Mogwai topping the charts will be regarded as a shot in the arm for the UK indie scene, which has been reeling as Covid devastated live music.

Yet for those who have been with the group since their 1997 debut Young Team (which peaked at 75) the notion of a number one album by the Scottish “noiseniks” – as one was legally obliged to refer to them through the Nineties – is slightly unmooring. Exciting yes. But hard to get your head around, too.

Mogwai materialised just as Britpop was about to come toppling down. And from the outset they stood definitely apart from the self-satisfaction that defined the period. As Blur, Oasis, Pulp etc incorporated the bouncy spirit of fish and chips, Carry On films and Michael Caine’s Get Carter (with varying degrees of irony), Mogwai were the brooding outsiders. They refused to join a party they knew was going to end with tears, smashed crockery and someone throwing up in the rose bushes.

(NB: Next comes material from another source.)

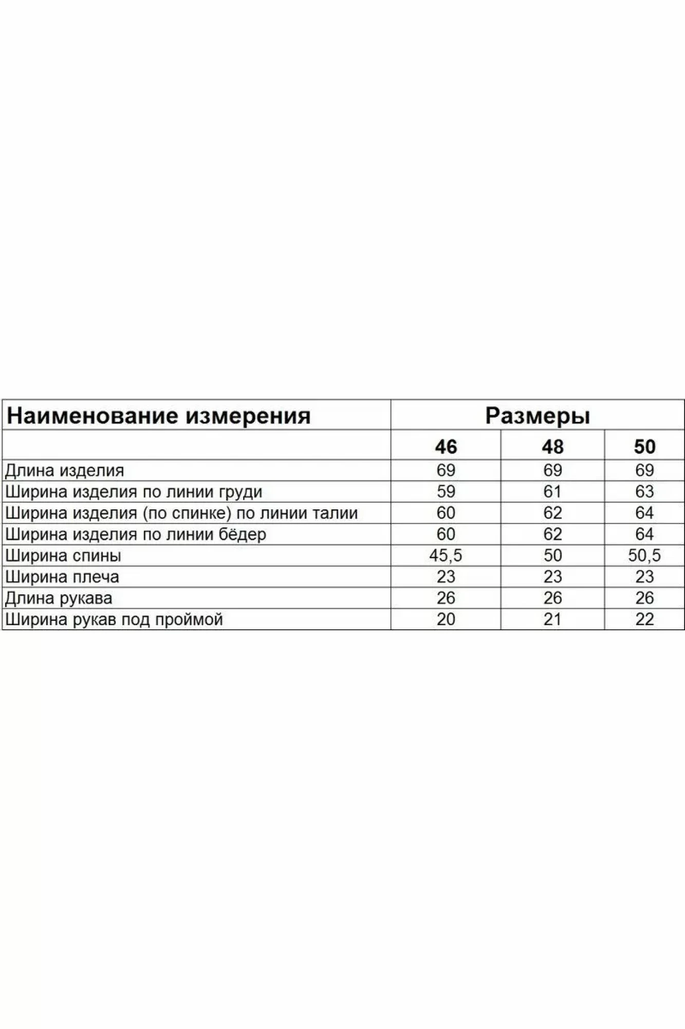 46,48,50Длина по спинке 69 см, длина рукава 26 см.

Their music was no less brooding. Young Team culminates in a 16-minute instrumental called Mogwai Fear Satan. It is essentially the anti-Parklife, a riposte to the chipper cheekiness demanded of pop stars of that era.

This wasn’t merely something bystanders read into their music, either. Mogwai were explicitly against the mainstream. For instance, they boycotted TFI Friday, Chris Evans’s lads-mag-on-the-telly backslapping fest which set the boorish tone for much of Britpop.

“We never would’ve done it. I’ve never met the guy, but popular culture around then got ridiculous,” the band’s unofficial leader Stuart Braithwaite told the Irish Times’s Éamon Sweeney in 2015. “You had TFI Friday and Damien Hirst. I can feel myself bitching when I start thinking about it. It was a really cosy, west-London, jokey, cocaine-fuelled social circle. To be honest, I just found it really gross.”

One Nineties tradition to which they weren’t immune was the ding-dong rock feud. In 1999, they took on Blur in hilariously uncompromising fashion by selling t-shirts with the message Blur: Are Shite.

“We decided to proclaim our dislike of one of the weakest bands on the planet by putting out these shirts,” Braithwaite said at the time. “We sold out in one day and Super Furry Animals and Pavement have put in an order for more. The thing about the shirt is it’s like a dictionary definition. Blur: Are Shite. It’s factual and if there’s any legal problems about it I’ll go to court as someone who has studied music so I can prove they are shite.”

If you’ve encountered Mogwai recently it may well be via their soundtrack work. They’ve scored art-house movies (Zidane: A 21st Century Portrait) and prestige television (French zombie romp Les Revenants). This year, they could be heard on Sky’s continent-hopping Narco thriller ZeroZeroZero. However, the conventional long-play record has always been their natural medium and many fans are in agreement that As The Love Continues is their finest since early in their career.

But even if it wasn’t, Mogwai at number one is surely a cause for optimism. For outsiders, underdogs or anyone who has ever felt they didn’t fit in, the idea of a middle-aged “post rock” instrumental band sitting at the top of the charts, gazing down at Harry Styles, Lewis Capaldi etc, feels like a win. And a reason to face into the rest of 2021 with a smile and a spring in your gait.